I’m a little confused by this, because wouldn’t this only necessarily be the case if the protocol used for networking is synchronous?
I’m sorry that I jumped to conclusions too hastily. When I looked at the code, a ping-pong-scenario (like TFTP) sprang to my mind. But in your post you mentioned the use of a traffic generator. Thank you for giving the idea a try anyway and dispelling my assumption.
[…] the NIC might monopolise CPU time […]
For analyzing the CPU utilization, let me recommend the trace-logger utility that you can find at repos/os/src/app/trace_logger/. It uses the TRACE service of Genode’s core component to obtain the consumed CPU cycles for each active thread over time.
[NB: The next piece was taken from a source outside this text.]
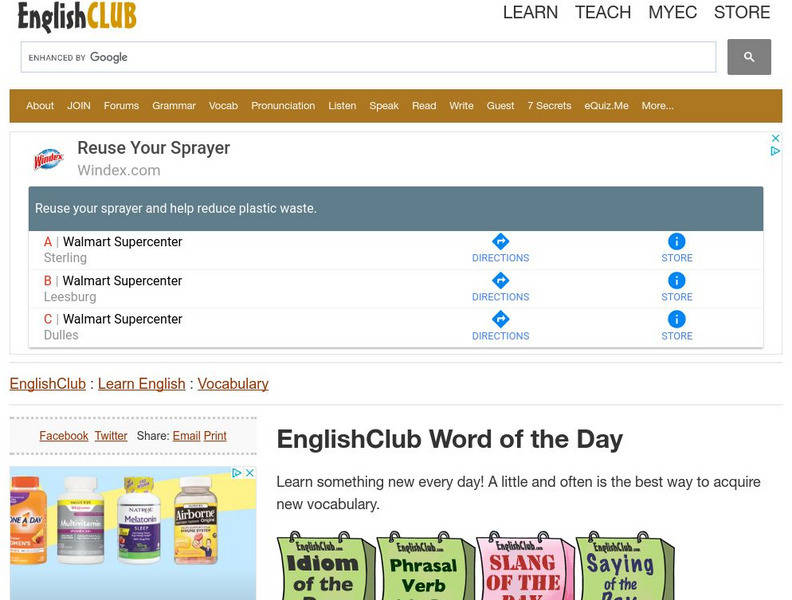 Links to an idiom of the day, phrasal verb of the day, slang of the day, and saying of the day along with a sign up to have these sent via email each day.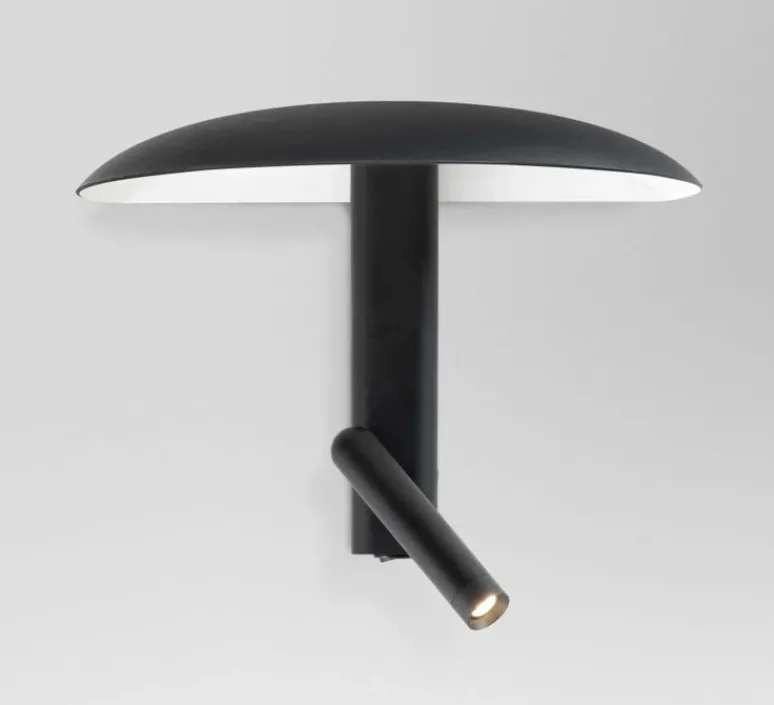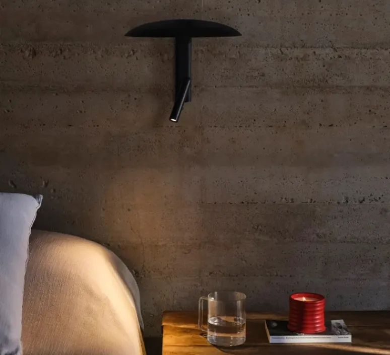 L’applique Konoha est composé d’une fixation centrale avec un spot liseuse à une extrémité et un abat-jour en forme de chapeau de l’autre. L’abat-jour permet de rediriger la lumière avec un faisceau plus doux. Le revêtement blanc agit comme un réflecteur pour créer une ambiance chaleureuse. Le spot est orientable à 360° pour offrir une lumière directe ou indirecte.

To give it a try, you may modify the lighttpd_fetchurl.run script as follows:
diff --git a/repos/ports/run/lighttpd_fetchurl.run b/repos/ports/run/lighttpd_fetchurl.run
index bd403cbc39f..108b1e6962c 100644
--- a/repos/ports/run/lighttpd_fetchurl.run
+++ b/repos/ports/run/lighttpd_fetchurl.run
@@ -10,8 +10,8 @@ if {[have_board virt_qemu_riscv]} {
}
proc ip_stack { } { return lwip }
-proc download_size { } { return "1M" }
-proc audit { } { return 1 }
+proc download_size { } { return "1000M" }
+proc audit { } { return 0 }
build "lib/vfs_[ip_stack] lib/libc app/fetchurl lib/curl"
@@ -32,6 +32,7 @@ import_from_depot [depot_user]/src/[base_src] \
[depot_user]/src/vfs_[ip_stack] \
[depot_user]/src/vfs_audit \
[depot_user]/src/vfs_pipe \
+ [depot_user]/pkg/trace_logger \
[depot_user]/src/zlib
proc lighttpd_config { } {
@@ -59,6 +60,7 @@ install_config {
<service name="IRQ"/>
<service name="IO_PORT"/>
<service name="IO_MEM"/>
+ <service name="TRACE"/>
</parent-provides>
<default-route>
<any-service> <parent/> <any-child/> </any-service>
@@ -147,6 +149,23 @@ install_config {
</config>
</start>
+ <start name="timer">
+ <resource name="RAM" quantum="1M"/>
+ <provides><service name="Timer"/></provides>
+ </start>
+
+ <start name="trace_logger" caps="200">
+ <resource name="RAM" quantum="16M"/>
+ <config verbose="yes" session_ram="9M" session_arg_buffer="1M"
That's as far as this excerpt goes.